Keynes dream come true

Keynes dream come true

Who would have thought: The ECB, flanked with its expansionary monetary policy on the real economy and is waving with the fence post. This was the dream of John M. Keynes.

An independent Central Bank, which feels only of money value stability be obliged, would be ignored in the current high levels of liquidity and the associated risk of inflation is always with a restrained monetary policy to the real economic problems. This was in the second half of the existence of the Bundesbank. And also the European Central Bank was in this objective, so far, reliable.

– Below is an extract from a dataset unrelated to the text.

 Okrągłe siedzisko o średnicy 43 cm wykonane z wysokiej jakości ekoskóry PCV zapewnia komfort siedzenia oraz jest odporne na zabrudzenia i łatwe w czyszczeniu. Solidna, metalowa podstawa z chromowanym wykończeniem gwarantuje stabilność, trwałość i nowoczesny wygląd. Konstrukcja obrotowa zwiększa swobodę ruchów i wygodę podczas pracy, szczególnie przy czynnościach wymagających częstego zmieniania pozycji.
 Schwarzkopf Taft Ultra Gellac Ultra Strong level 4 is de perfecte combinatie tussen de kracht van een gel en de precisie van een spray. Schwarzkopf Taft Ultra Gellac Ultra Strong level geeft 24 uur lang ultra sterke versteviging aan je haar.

In times of crisis according to Keynes view that public institutions should compensate for demand gaps in the private sector through increased government activity in order to generate a recovery. This should be done by funding the public debt, which could be resulted in a boom phase again. A Central Problem is the danger that the increased demand for Capital of the state leads to higher interest rates and thus to higher financing costs for private companies. The further reduction in investment is called a Crowding-out effect, and it would be counterproductive for the economic objective.

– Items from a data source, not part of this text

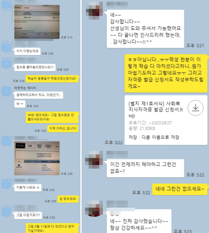 덕분에 대학을 다시 가지 않아도 한국어교원 자격증 루트를 완성할 수 있습니다.
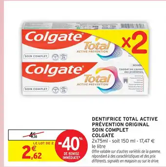 Colgate total active prévention original soin complet offres et promotions en ligne chez Intermarché Hyper
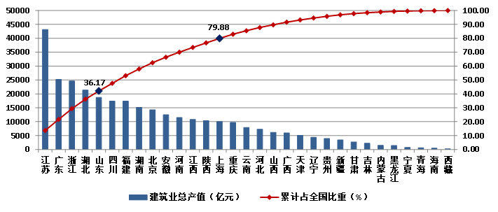 2023年,江蘇建筑業(yè)總產(chǎn)值達(dá)到43140.15億元,以絕對優(yōu)勢繼續(xù)領(lǐng)跑全國。廣東、浙江、湖北三省的建筑業(yè)總產(chǎn)值也都超過了2萬億元,分列第二、三、四位。4省建筑業(yè)總產(chǎn)值共占全國建筑業(yè)總產(chǎn)值的36.17%。除這4省外,總產(chǎn)值超過1萬億元的還有山東、四川、福建、湖南、北京、安徽、河南、江西、陜西、上海10個省市,上述14個地區(qū)完成的建筑業(yè)總產(chǎn)值占全國建筑業(yè)總產(chǎn)值的79.88%(圖15)。
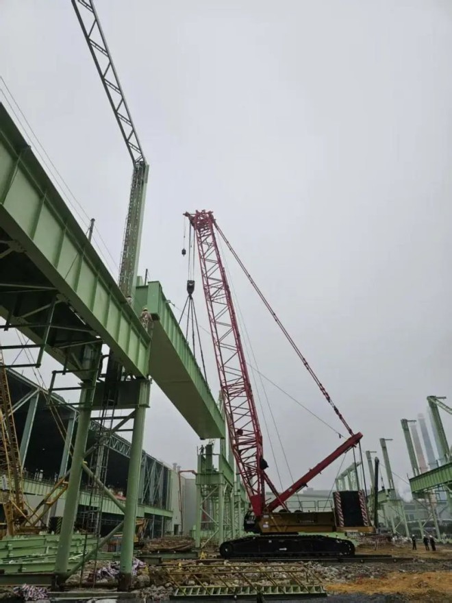 特厚板冷床、過跨平車上方大跨度吊車梁在寶鋼開創性地使用了“托架-吊車桁架”的結構形式,構件高度大幅減小,因其鏤空構造,造型美觀,整個區域的通風和采光效果俱佳,用鋼量、安裝量均有明顯減少。作為核心的3根托架-吊車桁架下弦(箱型梁)利用年修期間全部完成吊裝,其中體量最大箱梁為156噸。

The only economic policy player could mitigate this Dilemma: the Central Bank. You would can on a low-interest-rate policy, the money supply increase, then the conditions for a successful Deficit would be created Spending. Of which Keynes dreamed. And now, the European monetary authorities to keep the benchmark interest rate to 0.75 percent – a record low. Cheap money is available.

Only the Euro-governments other restrictions; the budget reform and consolidation. The ECB will, therefore, accepted the discipline task.

With the series “The greatest Economists,” is UTB only a compact paperback on the life and work of John M. Keynes, but also of Smith, Hayek, Schumpeter and Eucken released. More Information.